Previous studies have found that brown fat can be coaxed into action by activating the β3-adrenergic receptor, which is expressed on the surfaces of brown and white fat cells, as well as on cells of the urinary bladder and other tissues. With these findings in mind, investigators wondered whether mirabegron, a drug that targets the β3-adrenergic receptor and was recently approved to treat overactive bladder, might help keep people's weight in check.


In all 12 men enrolled in the study, 200 milligrams of mirabegron led to higher brown fat metabolic activity, and at its peak level in the blood it increased the men's resting metabolic rate by 203 calories per day. While the dose was higher than the 50 milligram dose approved for overactive bladder, the treatment was well tolerated. All of the study participants were young, healthy individuals who had not previously taken mirabegron.

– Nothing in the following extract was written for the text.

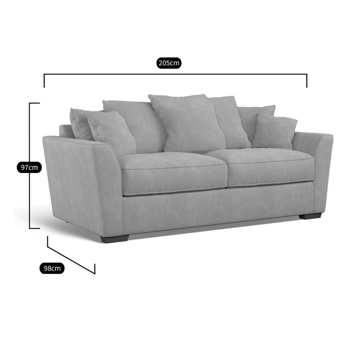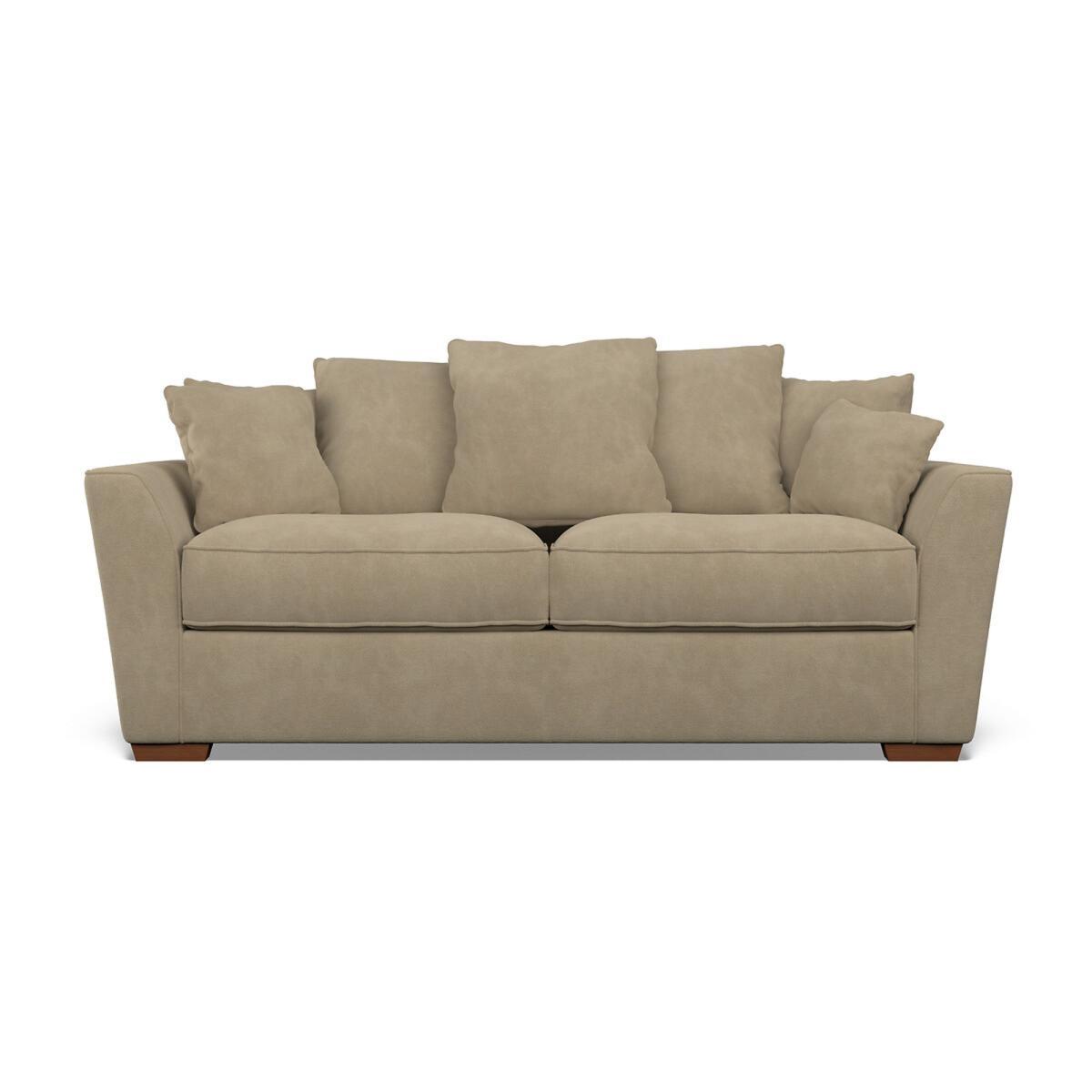 Lean back and relax….the Florence Scatterback is the ultimate deep sofa with an abundance of plump cushions. Take a moment to appreciate the elegant shape and dive right in. Choose from our soft brushed fabric for ultimate coziness, or woven for a textured look. With matching scatter cushions for extra comfort and style. All made to order sofas are carefully manufactured in the UK.Each hardwood frame is dowelled, glued, and screwed before being paired with the finest fabrics and fillings. And it doesn't stop there - for customer peace of mind and safety, all frames and fabrics are rigorously examined, inspected, and tested to the highest standards. Product Specifications:. Product Dimensions: L98cmxW205cmxH9. 7cm. Fabric: Soft Brushed - 100% Polyester. Feet: Dark Wood. Scatter Cushions: 2 Fibre filled Scatter Cushions included in matching fabric. Extraflex high comfort seat cushions - A high density foam base seat interior with a hand-rolled carded fibre, channelled topper which provides both softness and support. Superloop back springs. Serpentine seat springs & silent wire. Care Guide :Extraflex seat cushions should be plumped up on a regular basis to help maintain the aesthetical appeal of your upholstery, the plumping of cushions is essential to help retain the comfort and softness of any piece of upholstered furniture. To improve the longevity of your hand-made furniture, we recommend rotating cushions (where applicable).For further information on maintaining your furniture please refer to the care guide located under the seat platform. Packaged Dimensions: 207cmx100cmx99cm - Please remember to measure your available space before ordering. The Florence Range is also available in Woven & Textured Woven in a variety of colours. It is also Available in a Standard Cushion Back style. This product will be dispatched by one of our trusted suppliers. You’ll be contacted by their selected courier about your delivery. Your product will be delivered to your room of Choice. All multi part items and feet will be assembled once delivered.

"Brown adipose tissue, or brown fat, produces β3-adrenergic receptor at levels higher than nearly every other organ in the body. We showed that a one-time dose of the drug mirabegron stimulates human brown adipose tissue so that it consumes glucose and burns calories," said lead author Dr. Aaron Cypess, who conducted the work at Joslin Diabetes Center and Beth Israel Deaconess Medical Center, affiliates of Harvard Medical School, and is now at the National Institute of Diabetes and Digestive and Kidney Diseases, part of the National Institutes of Health.
The findings suggest that drugs that activate the β3-adrenergic receptor may be a promising treatment for obesity. "Prior to our work, the only known way to activate human brown adipose tissue was through cold exposure. While inexpensive, this approach is generally not well tolerated over the long term, and there is significant variability in people's responses," said Dr. Cypess. "In addition, once the cold exposure is removed, the effect usually turns off rather quickly."